When I went to Redmond, I knew that I was weak in clustering, replication and partitioning. I may have ahem “architected” some clusters while working for Microsoft Consultancy Services and even reviewed some design documents, best practices, etc but I had not actually got my hands dirty. It was getting embarrassing as sales guys were even saying “You have a SQL cluster issue, you need to speak to our guy Bob. Bob – show them what's wrong will you”. A friend who runs the dell training centre took me through a series of labs and we made clusters, broke them, player with quorum models, looked into logs, etc. After that one evening some weight was lifted off my shoulders. I could now start to merge the theory and practice a bit better with some affirmation from someone who has set up maybe hundreds of environments. I also stopped avoiding clusters like the plague.

Some advice. If you don’t have and know your weak areas, either your already already an MCM, MCA and BI Maestro (and your name is Dirk Gubbels). OR maybe you haven’t looked hard enough.

Find those weak areas and embrace them. If you are going for MCA don’t be afraid to make it clear on your skills, where they blur and where they end. In my MCA review board I was asked a truck load of questions on ITIL, operations and data centre manageability, I recommended that we bring in a team including an Ops consultant (for which I had some contact), and explained that while I could help them navigate through some of the (obvious) high level issues to engage deeper we needed a specialist rather than just myself. I was more a solution/technical design and infrastructure dude than hard core data centre operations. Expecting a ding, I actually got a comment from the review board of “solid – knows what he knows and what he doesn’t know”. So don’t expect to be an expert in everything. In the MCM you may have to guess some questions as its a Microsoft Learning exam but in MCA – don’t bullshit so much. In the real world you don’t need to personally be an expert in everything to get to the correct result.

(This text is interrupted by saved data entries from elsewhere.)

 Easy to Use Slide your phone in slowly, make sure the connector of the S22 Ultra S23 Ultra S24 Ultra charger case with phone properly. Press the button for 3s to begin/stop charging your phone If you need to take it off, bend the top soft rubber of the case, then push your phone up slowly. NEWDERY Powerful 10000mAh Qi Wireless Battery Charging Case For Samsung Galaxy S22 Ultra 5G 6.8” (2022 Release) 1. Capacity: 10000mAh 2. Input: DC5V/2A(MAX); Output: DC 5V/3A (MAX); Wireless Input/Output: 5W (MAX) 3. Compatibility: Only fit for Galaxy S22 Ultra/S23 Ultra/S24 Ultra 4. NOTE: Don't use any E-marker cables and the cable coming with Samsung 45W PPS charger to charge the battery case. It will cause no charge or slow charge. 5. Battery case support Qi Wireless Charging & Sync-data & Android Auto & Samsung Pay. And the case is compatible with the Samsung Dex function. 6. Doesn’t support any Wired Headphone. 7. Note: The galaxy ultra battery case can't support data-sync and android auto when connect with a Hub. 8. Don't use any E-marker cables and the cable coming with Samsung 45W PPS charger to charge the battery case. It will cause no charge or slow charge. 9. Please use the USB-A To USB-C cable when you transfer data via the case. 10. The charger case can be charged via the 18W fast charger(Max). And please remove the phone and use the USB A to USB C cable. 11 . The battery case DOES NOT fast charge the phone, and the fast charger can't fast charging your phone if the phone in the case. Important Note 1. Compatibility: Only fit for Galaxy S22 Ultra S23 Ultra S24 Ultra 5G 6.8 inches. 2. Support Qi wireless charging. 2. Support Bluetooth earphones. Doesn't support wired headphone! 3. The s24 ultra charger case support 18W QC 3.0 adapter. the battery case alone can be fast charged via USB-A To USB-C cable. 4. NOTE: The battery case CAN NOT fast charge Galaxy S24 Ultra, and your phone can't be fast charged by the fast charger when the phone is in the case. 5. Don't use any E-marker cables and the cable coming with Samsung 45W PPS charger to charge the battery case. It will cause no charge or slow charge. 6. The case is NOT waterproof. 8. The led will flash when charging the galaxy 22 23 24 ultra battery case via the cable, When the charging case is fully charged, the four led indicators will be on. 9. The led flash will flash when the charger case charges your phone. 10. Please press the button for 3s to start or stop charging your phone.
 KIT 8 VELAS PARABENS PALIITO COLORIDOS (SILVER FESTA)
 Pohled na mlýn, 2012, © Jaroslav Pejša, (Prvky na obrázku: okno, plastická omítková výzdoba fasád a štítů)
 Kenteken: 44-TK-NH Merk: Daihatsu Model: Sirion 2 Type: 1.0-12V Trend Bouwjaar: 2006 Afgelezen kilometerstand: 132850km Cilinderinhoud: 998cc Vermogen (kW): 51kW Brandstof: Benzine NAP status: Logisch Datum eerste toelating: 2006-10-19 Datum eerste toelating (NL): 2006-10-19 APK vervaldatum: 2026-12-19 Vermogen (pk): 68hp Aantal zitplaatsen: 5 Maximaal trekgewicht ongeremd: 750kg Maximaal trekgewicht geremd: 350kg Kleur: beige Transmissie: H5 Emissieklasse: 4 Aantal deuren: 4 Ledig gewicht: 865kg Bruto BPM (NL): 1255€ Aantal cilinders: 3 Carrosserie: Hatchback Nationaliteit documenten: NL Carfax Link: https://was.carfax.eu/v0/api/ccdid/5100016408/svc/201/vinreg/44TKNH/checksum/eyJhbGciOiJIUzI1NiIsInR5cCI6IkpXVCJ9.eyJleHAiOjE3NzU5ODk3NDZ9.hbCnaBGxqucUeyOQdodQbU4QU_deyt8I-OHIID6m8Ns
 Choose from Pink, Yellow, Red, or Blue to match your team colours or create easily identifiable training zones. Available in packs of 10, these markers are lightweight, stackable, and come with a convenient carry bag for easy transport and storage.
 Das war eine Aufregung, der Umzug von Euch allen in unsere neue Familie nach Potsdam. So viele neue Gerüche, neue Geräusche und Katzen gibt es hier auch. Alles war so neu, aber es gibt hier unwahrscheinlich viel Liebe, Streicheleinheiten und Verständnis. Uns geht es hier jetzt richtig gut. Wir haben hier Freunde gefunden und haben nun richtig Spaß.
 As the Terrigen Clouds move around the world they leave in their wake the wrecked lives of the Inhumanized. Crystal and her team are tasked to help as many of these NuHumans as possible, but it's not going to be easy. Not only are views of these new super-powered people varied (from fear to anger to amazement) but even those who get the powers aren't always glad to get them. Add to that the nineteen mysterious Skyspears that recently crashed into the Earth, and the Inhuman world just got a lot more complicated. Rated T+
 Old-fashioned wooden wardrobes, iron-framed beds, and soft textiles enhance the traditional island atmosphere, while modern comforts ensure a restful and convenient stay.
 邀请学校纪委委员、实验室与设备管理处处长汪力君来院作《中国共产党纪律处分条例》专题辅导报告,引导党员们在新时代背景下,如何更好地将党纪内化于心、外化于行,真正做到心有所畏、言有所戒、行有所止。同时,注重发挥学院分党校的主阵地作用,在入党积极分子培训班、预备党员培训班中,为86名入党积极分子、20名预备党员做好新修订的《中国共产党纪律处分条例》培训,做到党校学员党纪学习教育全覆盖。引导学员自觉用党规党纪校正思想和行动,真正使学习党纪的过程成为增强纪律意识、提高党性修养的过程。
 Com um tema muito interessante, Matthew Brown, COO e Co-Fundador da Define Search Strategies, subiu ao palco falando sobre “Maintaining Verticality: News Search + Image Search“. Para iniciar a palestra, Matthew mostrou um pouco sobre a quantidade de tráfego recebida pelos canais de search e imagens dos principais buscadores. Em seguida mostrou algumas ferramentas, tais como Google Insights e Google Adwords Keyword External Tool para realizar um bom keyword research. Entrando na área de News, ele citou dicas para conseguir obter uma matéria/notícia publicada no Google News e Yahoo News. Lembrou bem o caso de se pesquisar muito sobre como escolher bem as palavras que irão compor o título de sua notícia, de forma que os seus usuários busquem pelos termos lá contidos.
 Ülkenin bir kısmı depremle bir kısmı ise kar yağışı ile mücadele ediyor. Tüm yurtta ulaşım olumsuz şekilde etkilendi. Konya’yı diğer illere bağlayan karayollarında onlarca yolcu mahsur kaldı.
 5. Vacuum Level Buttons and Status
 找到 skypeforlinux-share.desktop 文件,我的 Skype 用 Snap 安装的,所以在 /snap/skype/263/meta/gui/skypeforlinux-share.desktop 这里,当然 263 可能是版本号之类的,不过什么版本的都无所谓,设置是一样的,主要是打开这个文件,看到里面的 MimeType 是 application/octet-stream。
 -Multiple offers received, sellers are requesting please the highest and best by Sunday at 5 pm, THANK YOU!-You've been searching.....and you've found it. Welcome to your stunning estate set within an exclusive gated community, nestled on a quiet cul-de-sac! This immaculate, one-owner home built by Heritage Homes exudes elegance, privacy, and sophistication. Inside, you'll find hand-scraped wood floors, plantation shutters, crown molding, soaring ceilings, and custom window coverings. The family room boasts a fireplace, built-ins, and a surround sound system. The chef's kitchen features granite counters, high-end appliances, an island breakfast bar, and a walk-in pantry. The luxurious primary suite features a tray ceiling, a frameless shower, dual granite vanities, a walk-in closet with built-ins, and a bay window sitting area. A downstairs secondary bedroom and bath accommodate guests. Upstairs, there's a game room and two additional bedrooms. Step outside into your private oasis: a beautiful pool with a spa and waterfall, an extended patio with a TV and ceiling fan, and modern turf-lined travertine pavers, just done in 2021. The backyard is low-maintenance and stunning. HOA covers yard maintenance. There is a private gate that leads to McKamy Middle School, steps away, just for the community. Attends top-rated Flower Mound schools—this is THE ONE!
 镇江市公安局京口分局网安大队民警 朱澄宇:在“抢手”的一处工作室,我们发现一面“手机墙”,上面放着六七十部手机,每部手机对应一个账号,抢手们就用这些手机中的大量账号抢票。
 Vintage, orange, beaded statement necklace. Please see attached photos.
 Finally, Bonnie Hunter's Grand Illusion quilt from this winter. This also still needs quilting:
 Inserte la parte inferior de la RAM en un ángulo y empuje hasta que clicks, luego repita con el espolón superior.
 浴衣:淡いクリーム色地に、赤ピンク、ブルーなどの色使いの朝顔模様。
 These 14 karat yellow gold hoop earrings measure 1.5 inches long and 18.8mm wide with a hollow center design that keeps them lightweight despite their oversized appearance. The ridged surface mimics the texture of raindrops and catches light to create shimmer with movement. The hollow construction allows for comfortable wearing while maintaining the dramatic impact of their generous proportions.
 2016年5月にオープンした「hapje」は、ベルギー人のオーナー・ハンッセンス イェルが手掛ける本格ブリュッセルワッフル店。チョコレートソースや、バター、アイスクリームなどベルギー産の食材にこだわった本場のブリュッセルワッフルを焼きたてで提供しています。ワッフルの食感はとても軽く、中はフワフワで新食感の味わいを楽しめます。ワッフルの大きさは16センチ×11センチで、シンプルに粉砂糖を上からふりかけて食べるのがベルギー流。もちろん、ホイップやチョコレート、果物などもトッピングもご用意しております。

If you have read the "http://blogs.prodata.ie/post/So-you-think-your-a-SQL-MCM-Test-Yourself-Part-I.aspx” here some more questions to test where your at. If you read these questions and say “that was fun, must check out 1-2 things” you are ready. If you read them and go “holy crap”, maybe you need to watch the videos some more and attend some of the level 400-500 training events that are going around.

Health Warning: These are not actual MCM questions. Just some questions to demonstrate the type depth I personally would expect to see. If you pass these questions and fail the MCM – sorry, I’ll buy you a beer…

Locking and Blocking

1. How can you see the locks for a specific SPID (two common methods)

2. Someone has a shared lock on a resource. Can an update lock also be serviced?

3. Name two types of locks that can be made if an IX lock is in place ?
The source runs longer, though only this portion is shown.